======== MATERIAL FOR THIS TASK

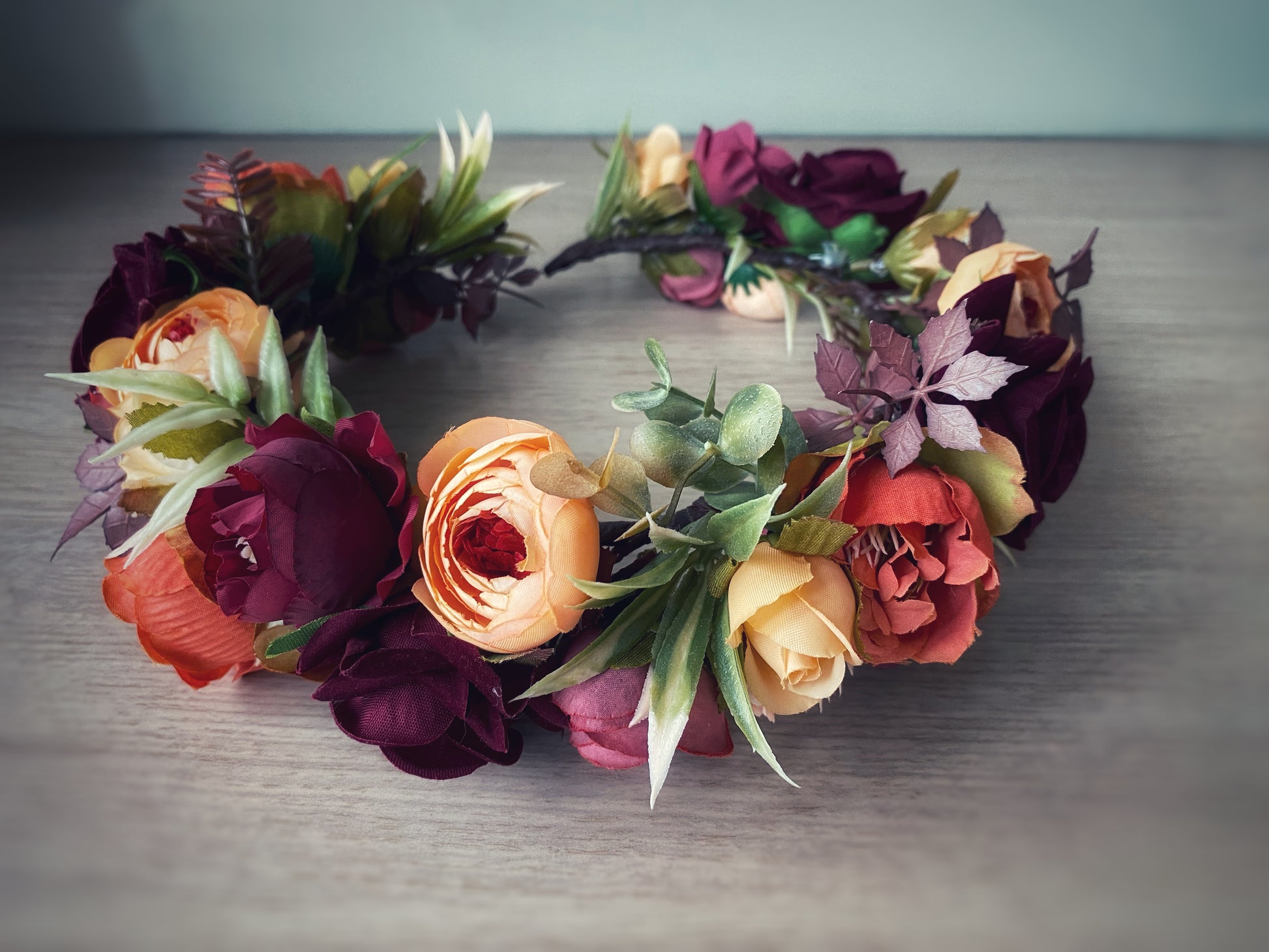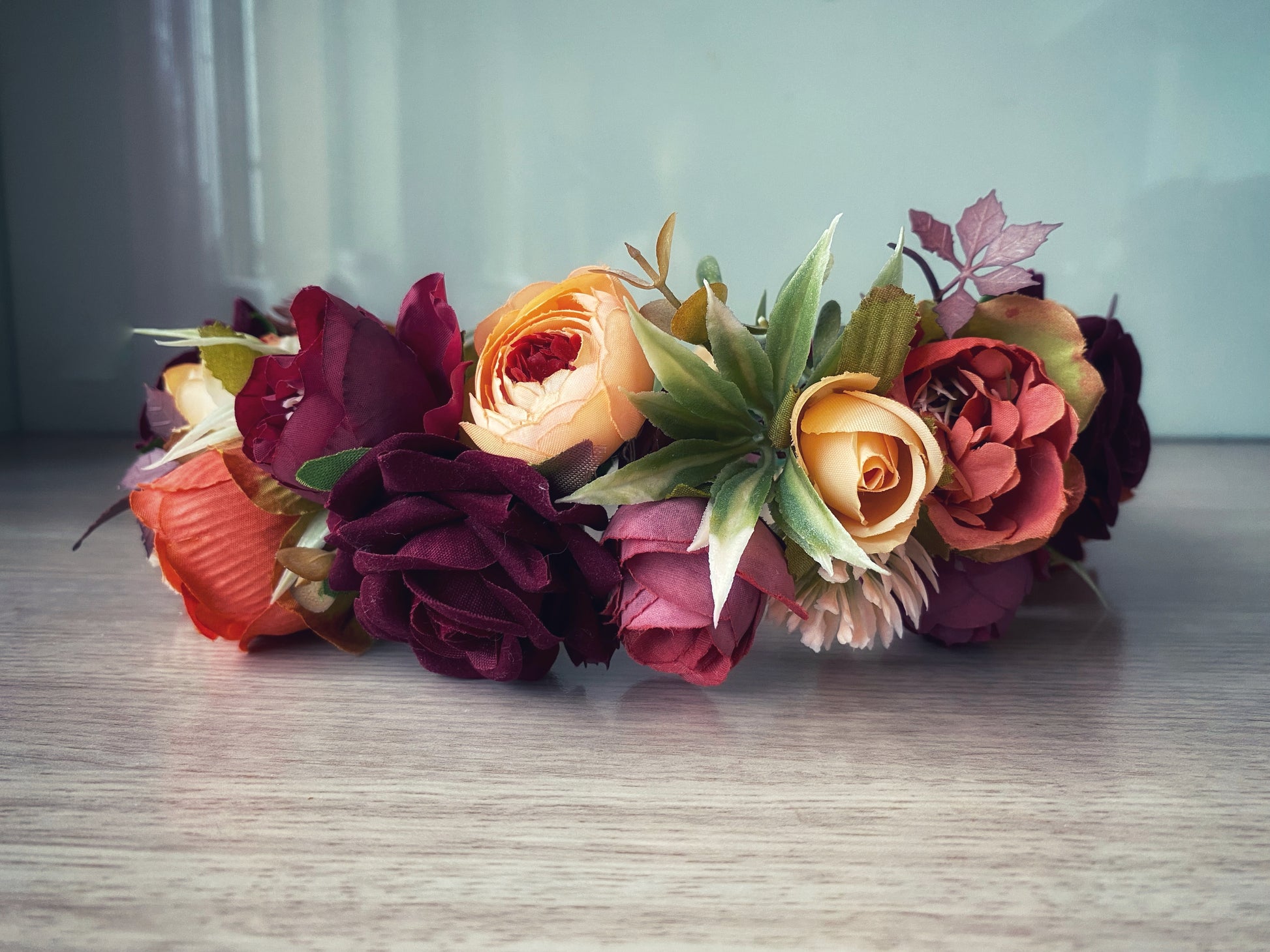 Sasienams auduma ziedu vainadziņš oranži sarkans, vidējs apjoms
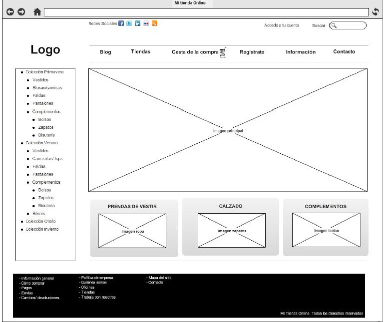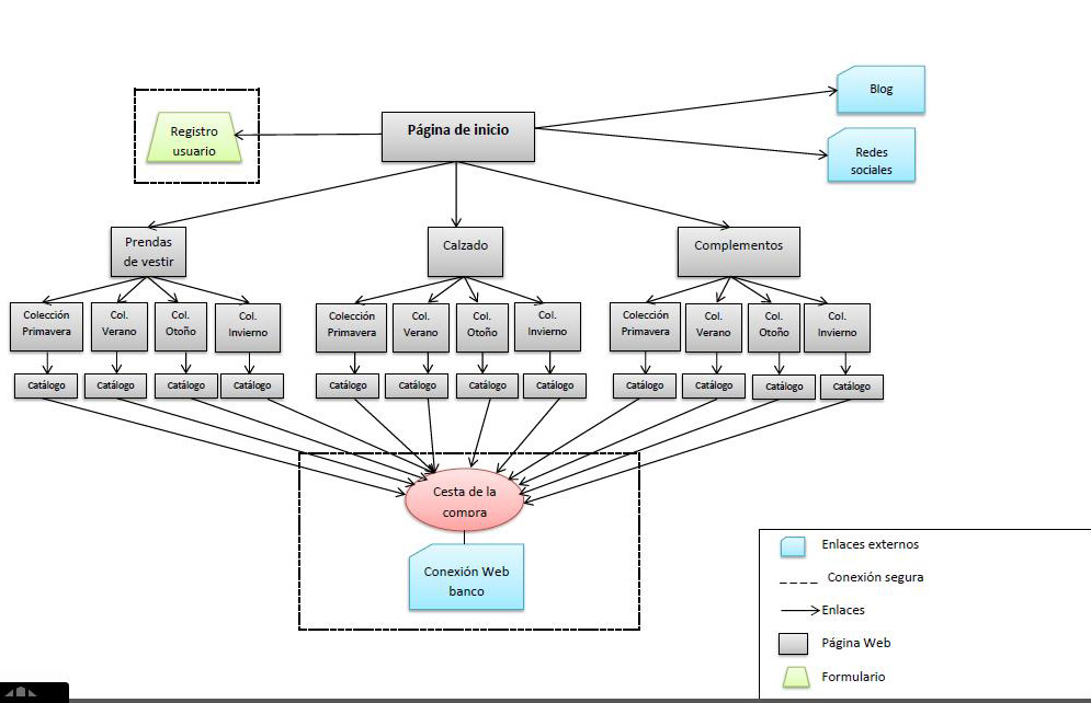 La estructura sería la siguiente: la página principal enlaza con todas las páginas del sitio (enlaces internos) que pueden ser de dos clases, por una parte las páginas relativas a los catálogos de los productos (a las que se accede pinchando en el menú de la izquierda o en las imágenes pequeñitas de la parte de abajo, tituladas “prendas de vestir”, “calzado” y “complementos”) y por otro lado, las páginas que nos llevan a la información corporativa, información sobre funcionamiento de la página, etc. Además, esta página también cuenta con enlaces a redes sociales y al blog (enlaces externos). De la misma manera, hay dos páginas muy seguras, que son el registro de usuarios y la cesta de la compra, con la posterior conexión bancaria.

================
======== MATERIAL FOR THIS TASK

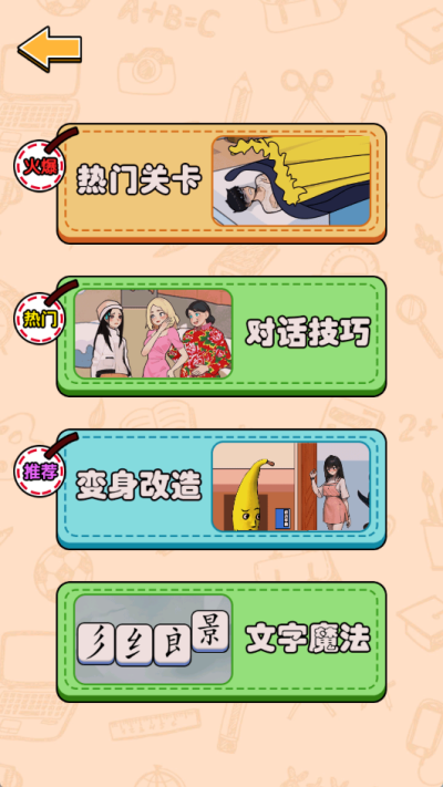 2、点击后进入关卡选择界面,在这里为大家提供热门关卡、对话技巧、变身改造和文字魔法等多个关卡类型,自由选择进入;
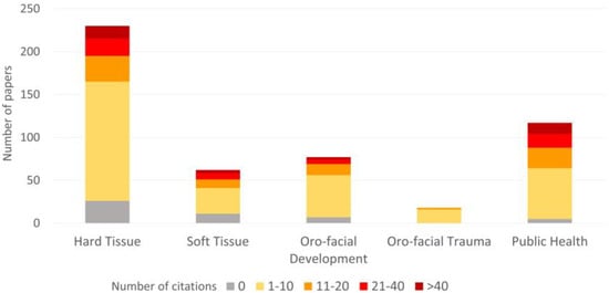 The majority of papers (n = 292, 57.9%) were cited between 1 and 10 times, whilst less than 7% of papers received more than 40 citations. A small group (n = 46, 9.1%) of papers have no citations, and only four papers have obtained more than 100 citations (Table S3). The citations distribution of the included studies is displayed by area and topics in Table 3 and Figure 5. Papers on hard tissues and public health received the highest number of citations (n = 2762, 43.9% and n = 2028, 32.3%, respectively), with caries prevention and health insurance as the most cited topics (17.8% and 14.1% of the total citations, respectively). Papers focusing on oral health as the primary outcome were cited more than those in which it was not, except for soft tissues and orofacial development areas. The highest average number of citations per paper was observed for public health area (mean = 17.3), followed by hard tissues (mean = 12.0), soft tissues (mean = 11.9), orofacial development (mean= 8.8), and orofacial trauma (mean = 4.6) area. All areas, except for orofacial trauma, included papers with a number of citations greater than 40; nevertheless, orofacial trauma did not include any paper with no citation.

================

▶ _TASK GOAL_: Copy out exactly the lines above beginning with the line that contains "Sasienams auduma ziedu" and finishing with the line that contains "La estructura sería", including both; leave the pictures out.

▶ _EXERCISE RESPONSE_:
 Sasienams auduma ziedu vainadziņš oranži sarkans, vidējs apjoms
 La estructura sería la siguiente: la página principal enlaza con todas las páginas del sitio (enlaces internos) que pueden ser de dos clases, por una parte las páginas relativas a los catálogos de los productos (a las que se accede pinchando en el menú de la izquierda o en las imágenes pequeñitas de la parte de abajo, tituladas “prendas de vestir”, “calzado” y “complementos”) y por otro lado, las páginas que nos llevan a la información corporativa, información sobre funcionamiento de la página, etc. Además, esta página también cuenta con enlaces a redes sociales y al blog (enlaces externos). De la misma manera, hay dos páginas muy seguras, que son el registro de usuarios y la cesta de la compra, con la posterior conexión bancaria.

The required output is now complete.